The Future of Artificial Intelligence in Medicine
- by Jeff Voigt
Experts discuss how A.I. and evidence-based medicine will soon be an inevitable part of patient care
On April 10, I hosted a segment on Sirius XM channel 111’s program “The Business of Health Care” program. It focused on the use of artificial intelligence (A.I.) and its potential for accelerating evidence into everyday care. My guests were Dr. Craig Umscheid, Associate Professor of Medicine and Epidemiology at Penn and an expert in the use of evidence-based practices; Dale Van Demark, partner at McDermott, Will, and Emory, which specializes in the legal ramifications of A.I.; and Charles Chadwick, president of Live Circle, a home-based A.I.-driven care service for people with chronic conditions.
One of the greatest benefits of using A.I. in medicine is that it has the potential to unlock clinically relevant information hidden in massive amounts of data, which in turn can assist in clinical decision making. A second form of A.I., called machine learning, can learn from this data to improve its accuracy in decision making.
Evidence-based medicine is the second tool needed to make A.I. successful in health care. Simply put, evidence-based medicine is the synthesis of outcomes from high quality studies—ones that use meta-analytic statistical techniques. Those studies also form the backbone of clinical guidelines developed by specialty societies, and help determine what Medicare and private insurers cover and pay for. Artificial intelligence is being used to synthesize findings from studies in order to diagnose and help direct therapies for patients. A.I.’s use will likely continue to expand into numerous other areas in the future.
However, despite its positive trajectory, there are still key issues surrounding A.I. usage in medicine that need to be addressed: digital coverage that includes privacy and security; good data; reproducibility of A.I. decision-making published in high quality journals; coordination across disciplines and businesses; proper regulatory oversight; patient engagement; medical culture acceptance; health insurance modeling and payment; and allocating responsibility for the A.I. black box. While this is a long list of issues, the experts agreed that they will be addressed, albeit over time.

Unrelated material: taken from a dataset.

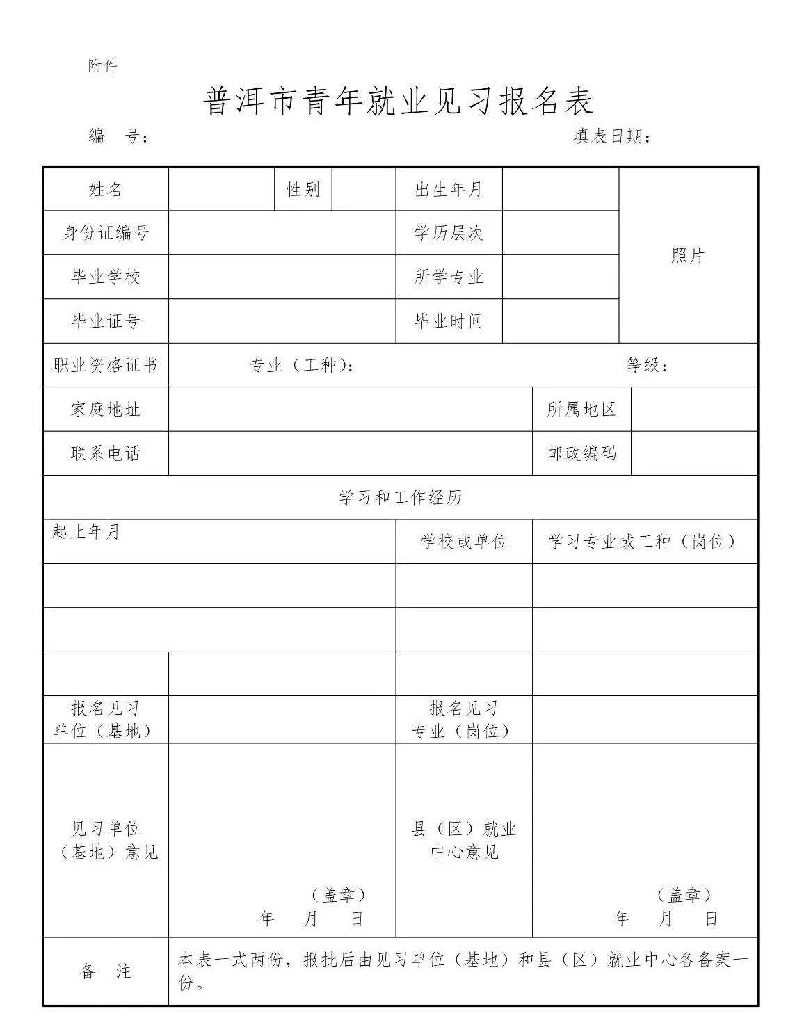 3.附件:《普洱市青年就业见习报名表》。

The last part of our conversation focused on an A.I. system being developed by Live Circle. Live Circle and care transition experts at Penn are exploring opportunities to build evidence around this new model. This learning system provides oversight for the care of chronic-care patients (who suffer from diabetes or early stage Alzheimer’s, for example) without overburdening their lifestyle and family. The focus of this system is ensuring that a patient continues treatment with minimal lifestyle disruption. The patient’s health and lifestyle is enabled in their home via coordination with caregivers, family members (even those remotely), nutrition, and transportation. The system is unique because it serves a patient’s life, not just his or her health. Some countries in Europe have already been implementing this system, and it is likely that long-term care in the United States will move this way in the future, as it continues to be driven by the cheapest options for patient care.